__Source data__:
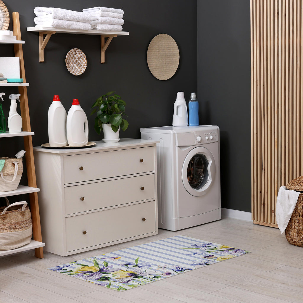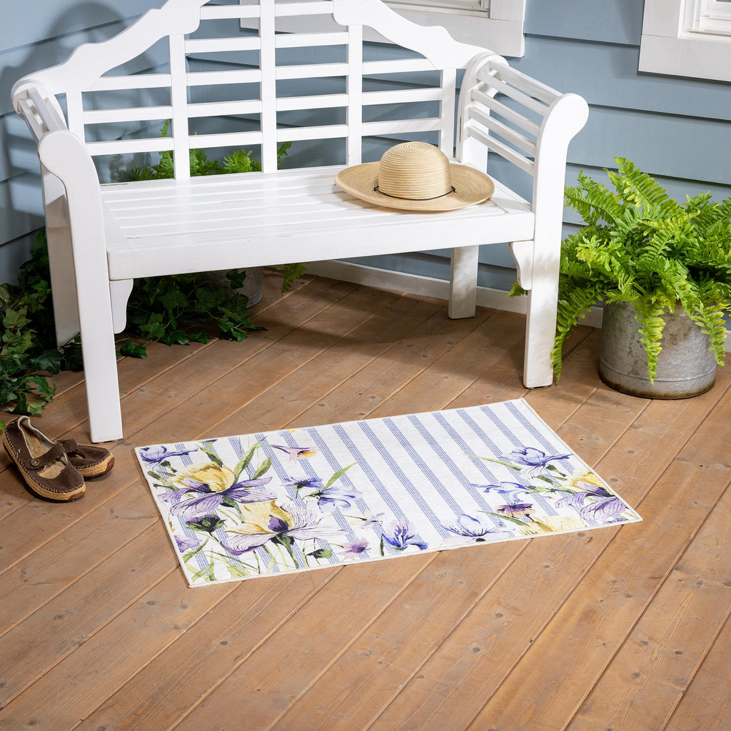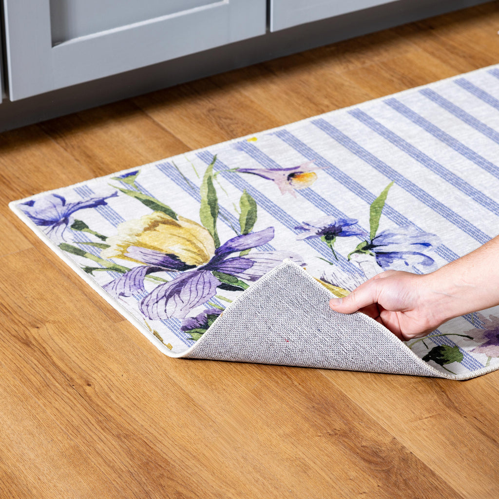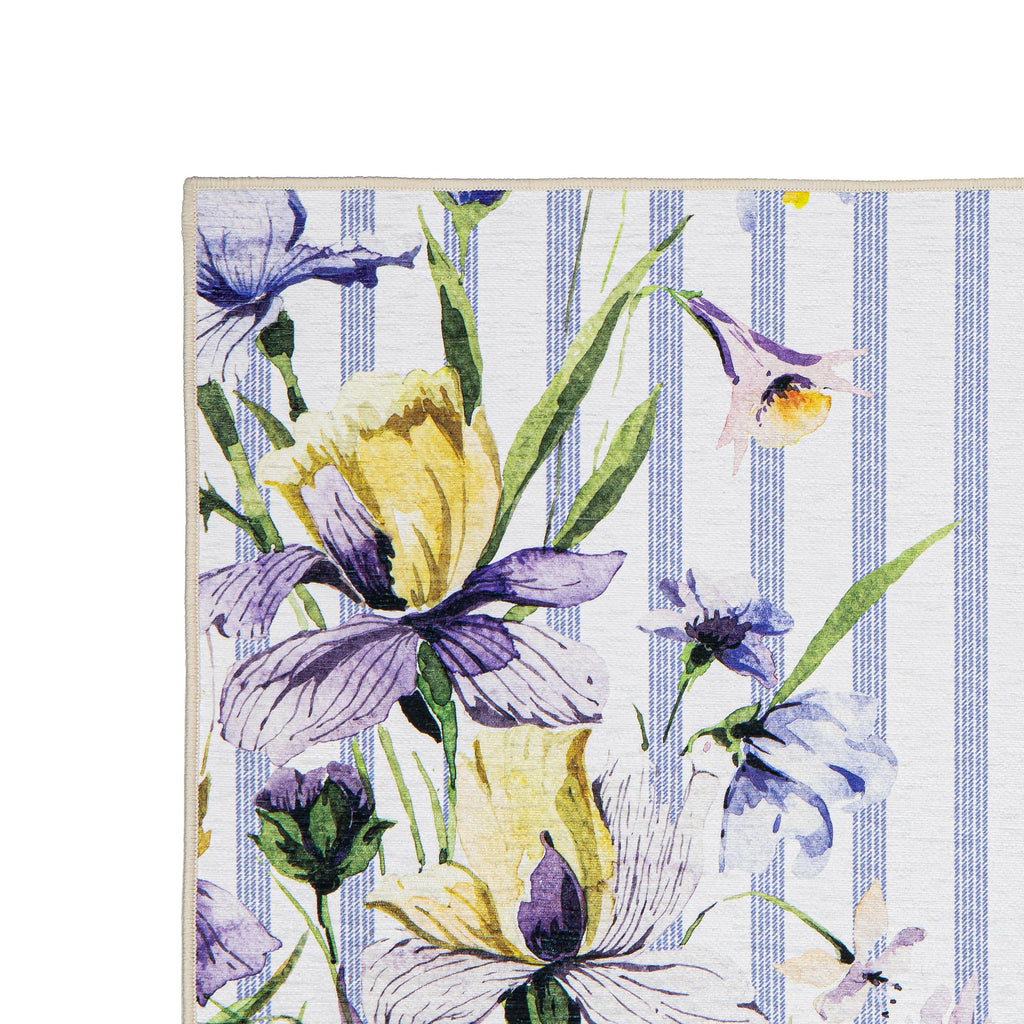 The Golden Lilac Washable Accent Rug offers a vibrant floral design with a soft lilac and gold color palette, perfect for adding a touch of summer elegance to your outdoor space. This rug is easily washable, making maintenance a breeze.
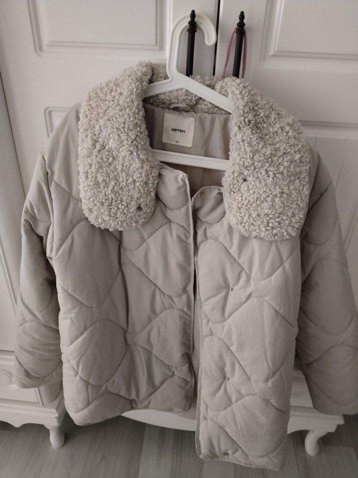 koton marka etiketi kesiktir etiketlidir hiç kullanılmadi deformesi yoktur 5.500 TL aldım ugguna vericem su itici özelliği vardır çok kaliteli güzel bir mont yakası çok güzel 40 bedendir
==
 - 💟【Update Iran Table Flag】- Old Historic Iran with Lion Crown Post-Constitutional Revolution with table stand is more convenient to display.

__Exercise__:
From the listing above, please give again the lines that begin with the line holding "The Golden Lilac" and go on through the line holding "koton marka etiketi", exactly, both ends included, minus any picture.

__Result below__:
 The Golden Lilac Washable Accent Rug offers a vibrant floral design with a soft lilac and gold color palette, perfect for adding a touch of summer elegance to your outdoor space. This rug is easily washable, making maintenance a breeze.
 koton marka etiketi kesiktir etiketlidir hiç kullanılmadi deformesi yoktur 5.500 TL aldım ugguna vericem su itici özelliği vardır çok kaliteli güzel bir mont yakası çok güzel 40 bedendir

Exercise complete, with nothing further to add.